The current president, Eric Xing, joined in January 2021. Sir J. Michael Brady served as the founding, interim president. Professor Ling Shao was the founding provost and executive vice president. Timothy Baldwin was appointed provost in April 2024. As of 2025, the Board of Trustees was chaired by Khaldoon Khalifa Al Mubarak.

==Academics==

The goal of the university is "producing a new generation of AI leaders and experts". According to The Economist, MBZUAI and the King Abdullah University of Science and Technology "have poached star professors from illustrious institutions such as the University of California, Berkeley, and Carnegie Mellon University in Pittsburgh".

MBZUAI provides undergraduate, master's, and Ph.D. programs in artificial intelligence, computer science, computer vision, machine learning, natural language processing, robotics, and statistics & data science. As of 2025 the institution had 84 faculty members and over 200 postdocs and researchers.

In October 2021, the university launched a 12-week Executive Program for leaders implementing AI in their organizations. In March 2022, the university graduated the first class of participants.

==Research==

The university's research program has four pillars: improving services offered by the public and private sectors, enhancing efficiencies and improving productivity in industry and manufacturing, support new and emerging high-value sectors, and optimizing environmental sustainability. MBZUAI has a joint AI research program with the Weizmann Institute of Science in Israel.

In May 2025, MBZUAI launched the Institute for Foundation Models (IFM). It coordinated the development of Jais, a large language model for Arabic, to be used by the Emirati government for administrative functions. Other research hubs include the Center for Integrative Artificial Intelligence, the Metaverse Center, and the Institute of Digital Public Health. It also has a business incubator and a joint lab with the Abu Dhabi Digital Authority to support government service initiatives. On 3 September 2026, IFM released the K2 Horizon language model family, with six models across orders of magnitude from 375 billion to 0.9 billion parameters.
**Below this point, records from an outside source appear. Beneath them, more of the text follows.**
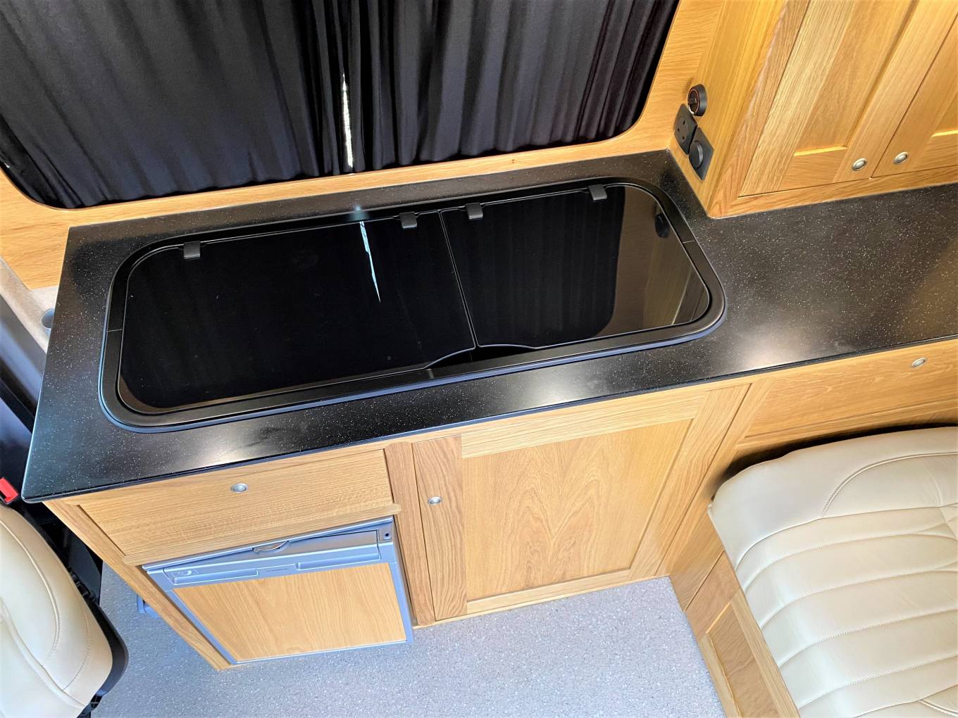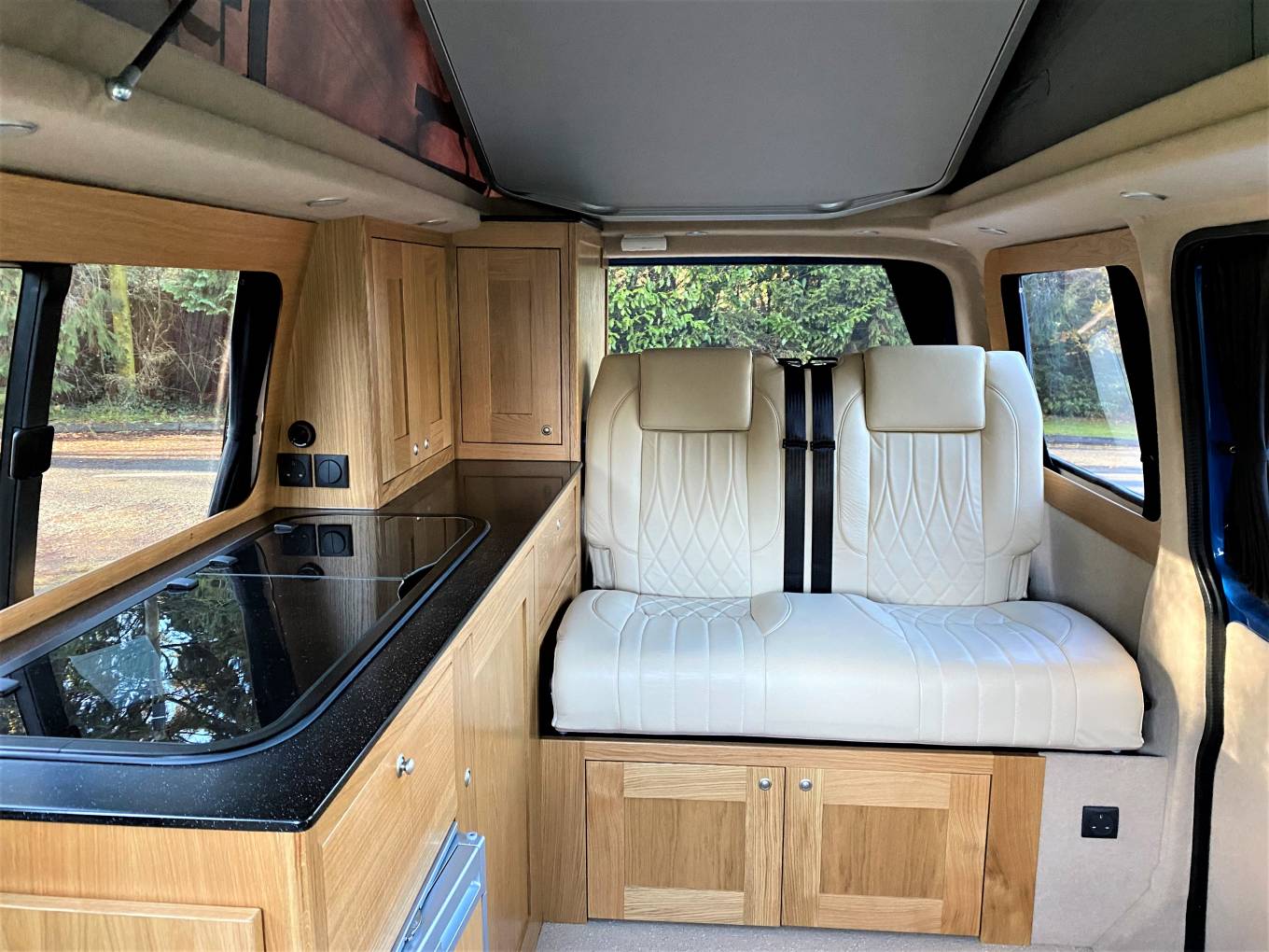 The VW Highline spec includes cab air conditioning, cruise control, quick clear windscreen, auto lights and wipers, App connect, leather multi function steering wheel, front and rear parking sensors and much more... the interior has been finished in genuine leather which adds to the amazing feel of this high end conversion.
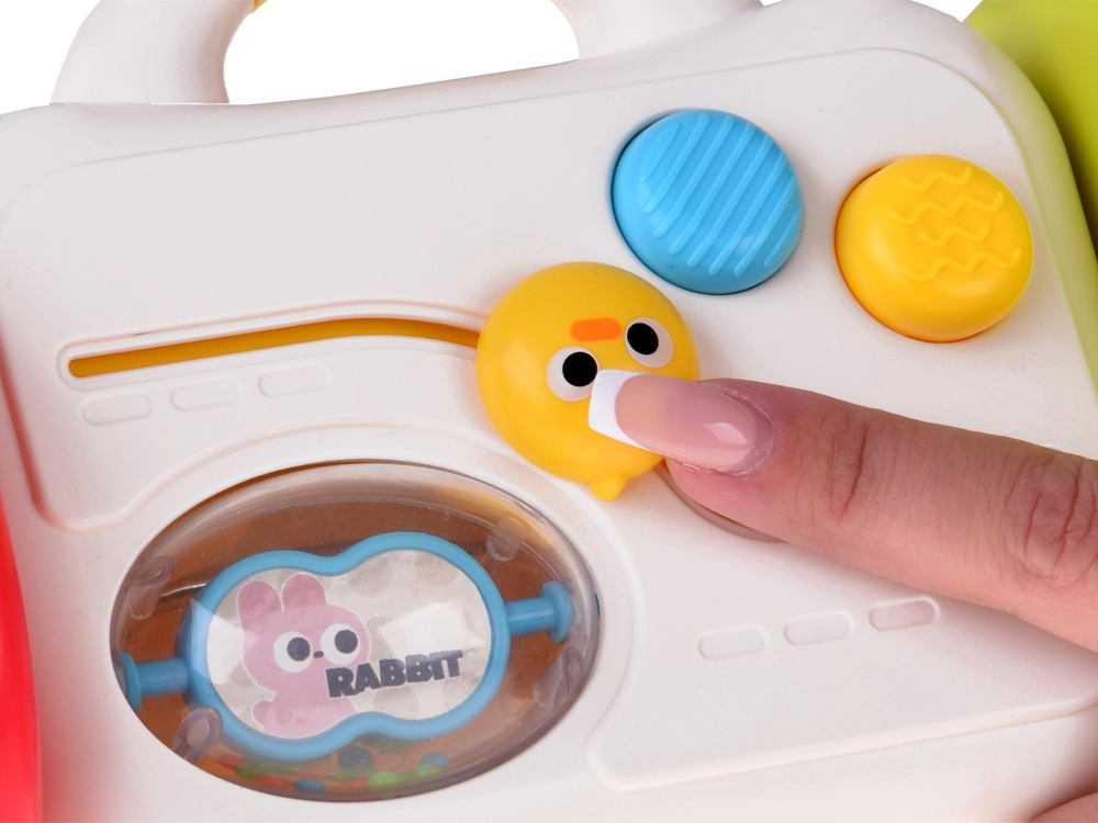 Interaktivna igrača na kolesih združuje zabavo in učenje v enem. Otroka pritegnejo žive barve, različne teksture, gumbi in drsniki, prozorno okence s kroglicami ter ogledalo za varno samospoznavanje. Ročaj olajša prenašanje, zato je igrača odličen spremljevalec doma in na poti.
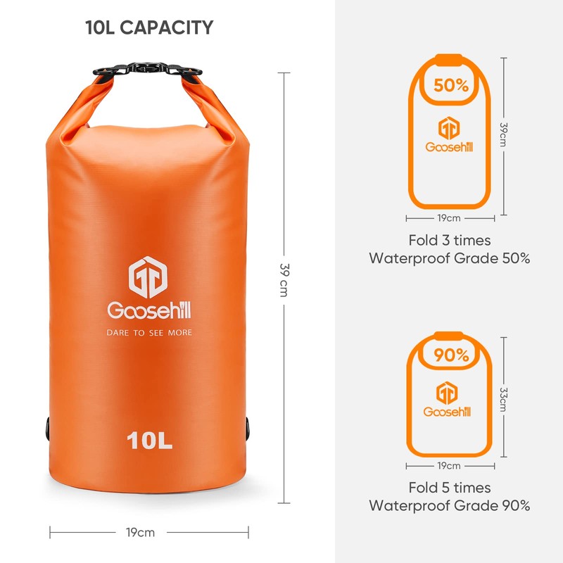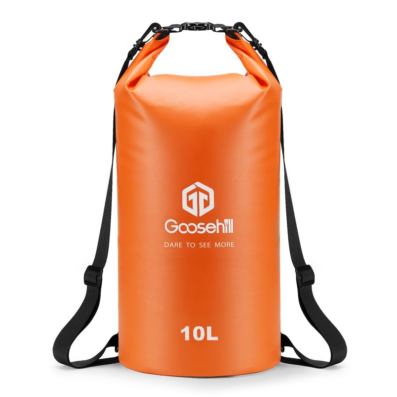 Goosehill Waterproof Dry Bag 5L 10L 20L, Durable Plato 500D PVC Material, Floating Roll Top Waterproof Bag for Paddle Board Kayaking Canoe Swimming Fishing Camping, 2 Straps

It claimed a fully open-source artificial intelligence approach, "with weights, code, training data, and methodology", in contrast to just open weights. Artificial Analysis benchmarked its largest model below the leading open weights Chinese LLMs and Korea's Motif 3 model, but above the leading open model from the US, Inkling, and from the EU, Mistral AI's Medium 3.5.

==Student life==
The university provides graduate students with a full scholarship support package, including a monthly stipend, health insurance, and accommodations, "in exchange for full-time commitment to studying and researching in the field of AI". This approach is designed to "attract students who would otherwise have gone to well-established hubs in the West or China".

The 2024 intake included 209 students (147 MSc and 62 PhD) from 36 countries. Many students are Chinese and 31% are women. The student-faculty ratio is 5:1.

As of 2024, 212 students had graduated from the master's and PhD programs. Most stay in the region after graduation. More than half pursue industry internships during their program, and many participate in hackathons or research conferences.